Aortic dissection (type A)
The incidence rate is 2/3.5 cases per 100.000 persons every year, with the 75% of cases diagnosed between 40 and 70 years of age.
The prognosis is severe due to the high risk of acute and premature complications occurring in the proximal aorta. The vast majority of deaths is related to rupture, generally in the site of the initial laceration, infarction, due to coronary flow obstruction, or aortic valve insufficiency, related to exhaustion of the aortic valvular annulus or cusps.
The major risk factors for aortic dissection are degeneration of the vascular wall and hypertension. It is commonly associated with genetic disorders that affect the connective tissue, such as Marfan syndrome, Turner syndrome, Ehlers-Danlos syndrome. Pregnancy, aortic aneurysm, atherosclerosis and previous surgical interventions on the aorta represent additional risk factors for the development of the disease.

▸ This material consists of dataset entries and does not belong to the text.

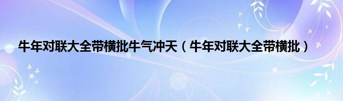 本文牛年对联大全带横批牛气冲天,牛年对联大全带横批到此分享完毕,希望对大家有所帮助。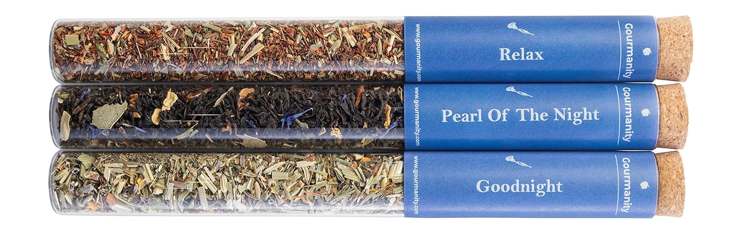 A FLAVOR FOR EVERY MOOD: Inhale the aromatic aromas and watch the vivid colours unfurl as you brew a chilled cuppa with Gourmanity specialty teas. Heat up and snuggle down with our 3 sleepy tea flavors: Loosen up- a lightweight and fruity bedtime tea; Pearl of the Evening- a fruit-infused black tea mix; and Goodnight, a lemon-flavored bring-on-the-sleep tea.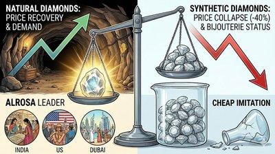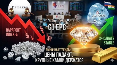 Рыночные тренды: Rapaport падает, крупные камни держат цену, а De Beers насыщает рынок

Individuals with type A aortic dissection typically experience a sudden onset of severe chest pain, hypotension, hypovolemic shock, cardiac insufficiency related to tamponade, infarction or valvular insufficiency.
CT scan, especially with arterial contrast enhancement (CTA), is the gold-standard for the diagnosis of aortic dissection.
Type A dissections are medical emergencies and require surgery.